How do you use Newtons method to solve for a functions optimum? I know that for finding the root you use:
X1 = X0 - f(X0)/f'(X0)
X2 = X1 - f(X1)/f'(X1)
X3 = X2 - f(X2)/f'(X2)
...etc
For example lets say the function is: f(x) = 4x^3-2x^2 -5
What do you do differently to solve for optimum? My guess it has something to do with second derivative, but I'm not really sure. Any help would be appreciated

Thanks,
Brandon

2. Hi there, yes using the 2nd derivative is relevant here.
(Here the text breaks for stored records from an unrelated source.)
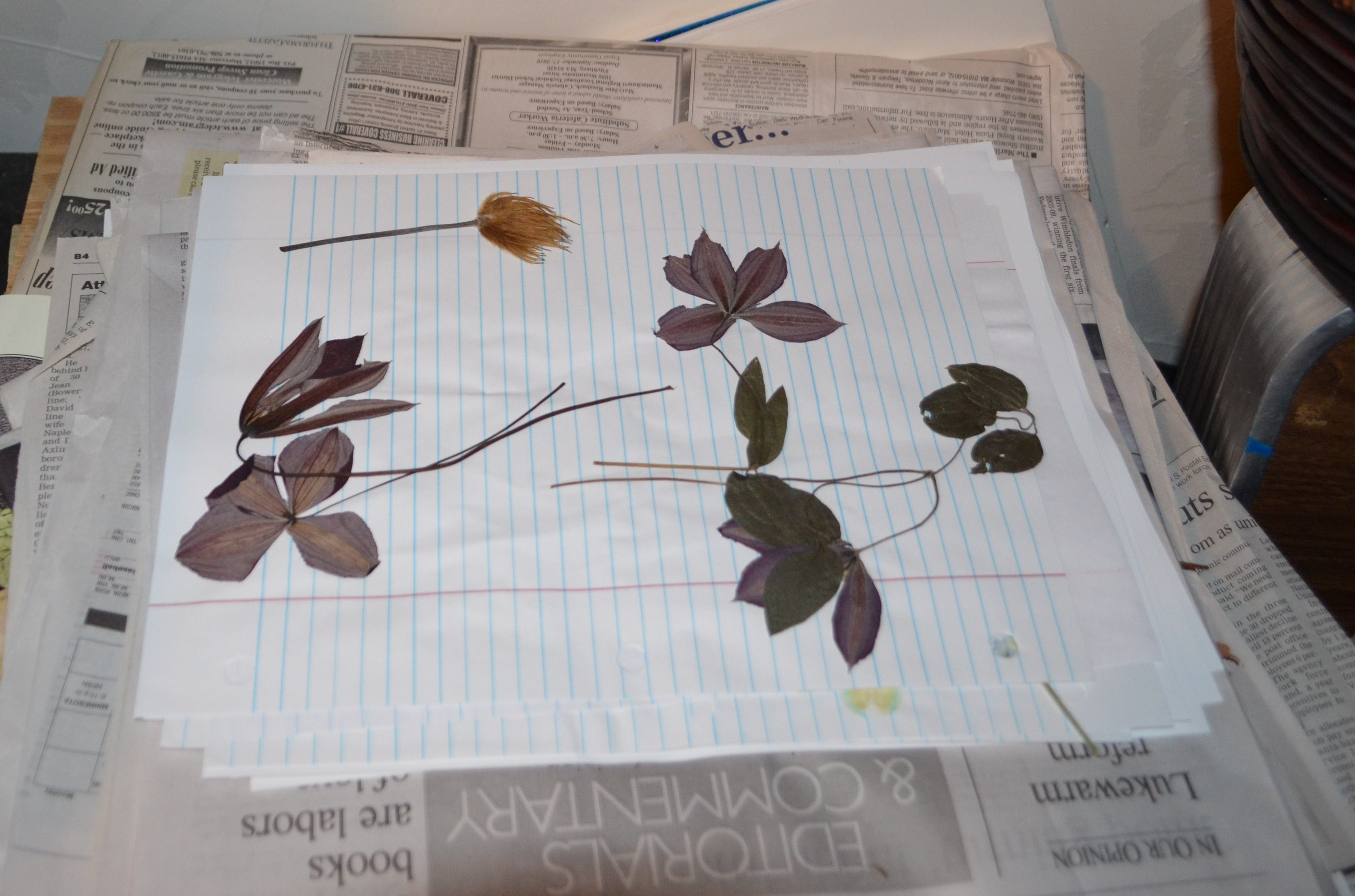 Even on the busiest of days I have to stop here and there in the garden to grab a few leaves, blossoms or seedheads to get in the presses or I won’t have enough material for all the Pressed Flower Workshops I have coming up starting in September and going right through next May. They are stacked up from the very latest mums on the top all the way down to the spring blooming clematis on the bottom.
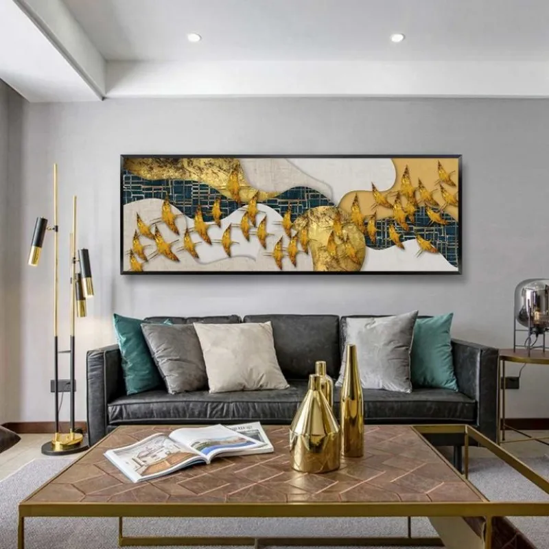 Tranh đàn chim bay trên những ngọn núi vàng trừu tượng
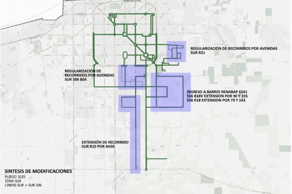 Identificada con las líneas 561 y 508, es una de las que ya incorporó micros sustentables con energías alternativas. Su cobertura se ampliará en un 14%, de 526,8 a 600,6 kilómetros, convirtiéndose en la de mayor extensión. Se sumarán rondines hacia El Peligro, Abasto y el Parque Industrial II, además de un ramal extendido hacia el Frigorífico Gorina. También prevé dos servicios rápidos por las avenidas 520 y 44, para agilizar el ingreso y egreso del casco urbano.
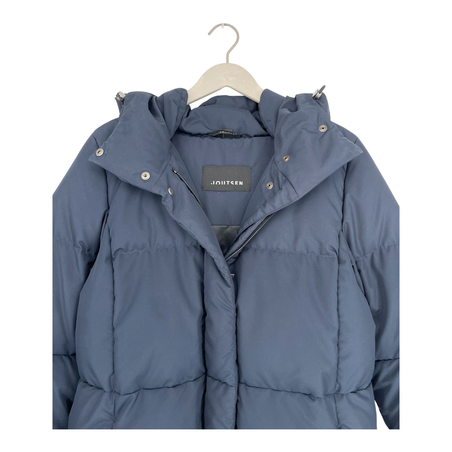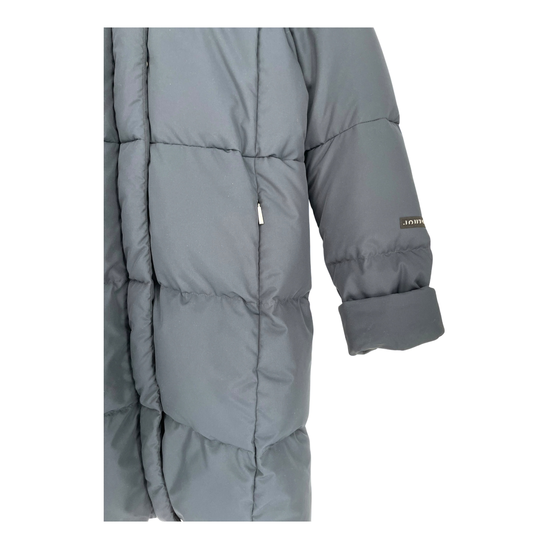 Joutsen Viti jacket is a down jacket perfect for the colder weathers. There is a large horizontal stitching and two sealed side pockets with zippers. The snap buttons and the double-slider fastening zipper adds comfortability and daily functionality in the front. The jacket has a stand up collar and a large adjustable warm hood that can be worn up or down according to weather and the sleeves can be rolled up for a better fit.
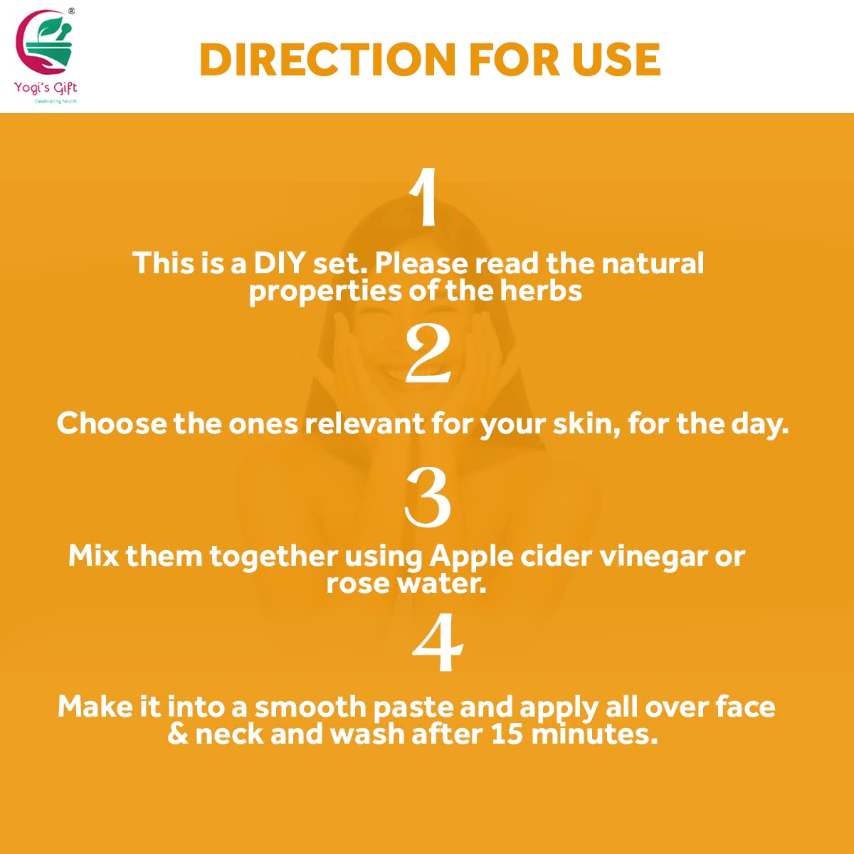 - ★ 𝗛𝗢𝗪 𝗧𝗢 𝗨𝗦𝗘: This is a DIY set. Please read the natural properties of the herbs and choose the ones relevant for your skin, for the day. Mix them together using Apple cider vinegar or rose water. Make it into a smooth paste and apply all over face & neck. Wash after 15 minutes

You can use the first derivate as the new $f(x)$ and apply the method for $12x^2-4x = 0$

Do you follow?

3. so instead of using:
X1 = X0 - f(X0)/f'(X0)
X2 = X1 - f(X1)/f'(X1)
X3 = X2 - f(X2)/f'(X2)
...etc
I should use:
X1 = X0 - f'(X0)/f''(X0)
X2 = X1 - f'(X1)/f''(X1)
X3 = X2 - f'(X2)/f''(X2)
...etc
?

4. Bump

5. Yes, pls don't bump.

6. How do you know if you are finding the MIN or the MAX? For example lets say you have f(x) = x^2, and want to find the optimum with an initial guess of 5. i would do the following:

X1=5-2(5)/2=0
X2=0-2(0)/2=0
X3=0
Obviously this has a MIN at (0,0), and by applying Newtons Meathod you discover their is an Optimum at x=0, but if you Had no clue what a function looked like how would you know if the x value you are finding is its MIN or its MAX? Or in another case the function may have a MIN and a MAX, how do you know which one you found?

thanks

7. You could use the second derivative test to see whether that point is a minimum or a maximum point.